Making Progress on the Causes of Post-Traumatic Stress Disorder

A separate line of research in Professor Telch's lab focuses on developing a better understanding of the "causes" of PTSD. We know that approximately 70% of those who experience a significant traumatic event like a combat trauma, rape, physical assault, severe car accident, or sudden loss of a loved one show "resilience" in the face of such unfortunate traumatic events. But what about the 30% or so that do develop debilitating PTSD in response to trauma? One of the questions that Telch's research is trying to answer is, "What are the factors that lead some soldiers to develop debilitating mental disorders such as PTSD and depression when deployed to a war-zone, whereas others return relatively unscathed?" Telch, as lead investigator of the Texas Combat PTSD Risk Project, recruited soldiers from Fort Hood with no prior history of war zone deployment completed a comprehensive assessment battery of genetic and hormonal testing, structural and functional neuroimaging, stress-reactivity challenges, cognitive assessments, and a host of psychological measures and structured clinical interviews approximately 30 to 60 days prior to their deployment to Iraq.

A novel feature of the study was that once deployed to Iraq, soldiers completed monthly web-based stress logs providing critical data on the types of ongoing deployment-related stressors and ratings of their psychological functioning. This allowed Dr. Telch and his team to investigate the "emergence" of deployment related stress reactions such as PTSD and depression in the war zone and test whether any of the pre-deployment variables collected prior to their deployment predicted psychological disturbance while deployed. Several new discoveries have emerged from the project and have been recently published. We are continuing to analyze data from the project and hope that additional discoveries emerge to help us better identify soldiers at risk for developing significant mental illness during war zone deployment. From this research Dr. Telch hopes to help inform the development of more effective pre-deployment intervention programs for preventing PTSD and other deployment-related stress disorders.

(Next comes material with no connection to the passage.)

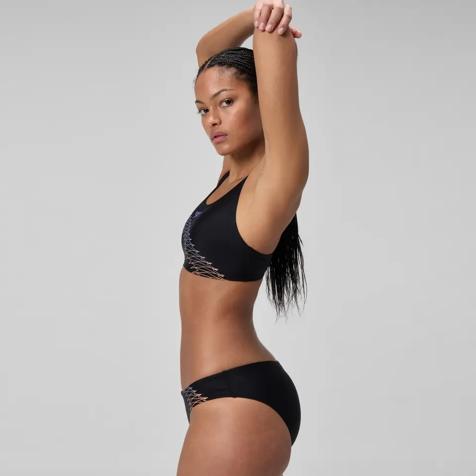 Fitnessziele? Du erreichst sie in unserem sportlichen schwarzen Bikini mit dezenter Boom-Logografik. Das Racerback-Design unterstützt die volle Beweglichkeit der Schulter, sodass du das Tempo weite...

Because of the large amount of data collected, analyses of soldiers' hormonal, genetic, and neuroimaging data are still ongoing. Hopefully, these analyses will lead to additional discoveries related to the identification of specific risk factors contributing to the development of PTSD and other mental disorders among deployed soldiers.

Dr. Telch is hoping to extend his PTSD risk factor research to other trauma populations such as first responders and patients presenting at the emergency room following a traumatic accident.